There also exists a credit card system since 2017, as well as an app for payments and the transfer of euskos between accounts.

Its motto is "Euskoa denen esku", which means "The eusko in the hands of everyone".

=== Format ===
The eusko has a note based format that enables the user to trade with values that go from the one eusko note to the twenty eusko note.
The appearance of the notes varies according to the value of the note:
- The one eusko note is blue, and has an image of a txalaparta on it
- The two eusko note is red, and has a scene of a Basque folk dance on it
- The five eusko note is grey, and has a countryside scene on it
- The ten eusko note is yellow, and has an image of a blackboard with the Basque language verbs form "Nor-Nori-Nork"
- The twenty eusko note is purple, and has an image of an industrial port that shows some cranes

Several security systems protect the notes from forgery, similar to the ones euro has.
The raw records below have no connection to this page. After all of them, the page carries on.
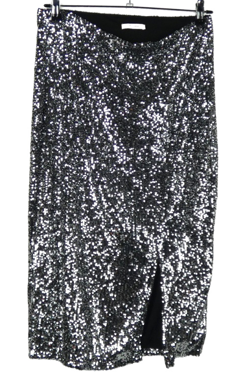 Dámská černo-stříbrná flitrová midi sukně TU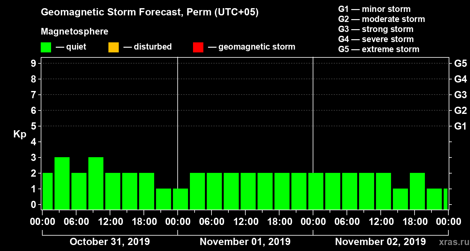 Geomagnetic storm forecast in Perm for Oct 31, 2019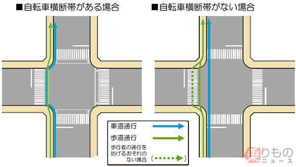 自転車横断帯」がクルマを惑わせる? 横断歩道に併設のアレ、撤去進むワケ 乗りものニュース。

Those include:
- A complex filigree
- A heated gold mark
- Off set marks for blind people to identify note value

== Aims ==
The aim of the eusko is to encourage the community to buy from local traders. This potentially strengthens the local economy and reduce ecological damage caused by long supply chains. Additionally, it aims to promote solidarity.

== History ==

=== Predecessors ===
The idea of the eusko starts when the AMBES (from French Association pour la création d’une Monnaie locale Basque, Ecologique et Solidaire) took the example of another currency that was running in France, and thought that could be profitable and applicable to the Basque country.
The choice of the name came up when the AMBES asked citizens to choose a name for their optimal currency.

=== Getting started ===
The eusko gave its first steps 31 January 2013, with the initial number of 126,500 eusko copies. From the very beginning the eusko was accepted in all the establishments that were associated.
According to the creators of the eusko, 310 businesses and enterprises accept the eusko as a form of paying, and the eusko has spread to more than 1500 users.
The AMBES said that eusko would have a credit card system in 2015.

===South of the border===
There are plans for the end of 2026 to introduce another local currency, provisionally known as Gure Moneta, "our currency", in the Spanish Basque Country, initially in Oiartzualdea (Guipuscoa) and Baztan (Navarre).
It will also exchange for 1 euro.
Participating businesses should show the goals of promoting local economy, defending the environment and the Basque language.
A further goal is compatibility with the eusko.

==See also==

- Alternative currency
- Fiscal localism
- Local purchasing
- Basque peseta: In 1937, during the Spanish Civil War, the Basque Government issued Spanish peseta pieces and bills.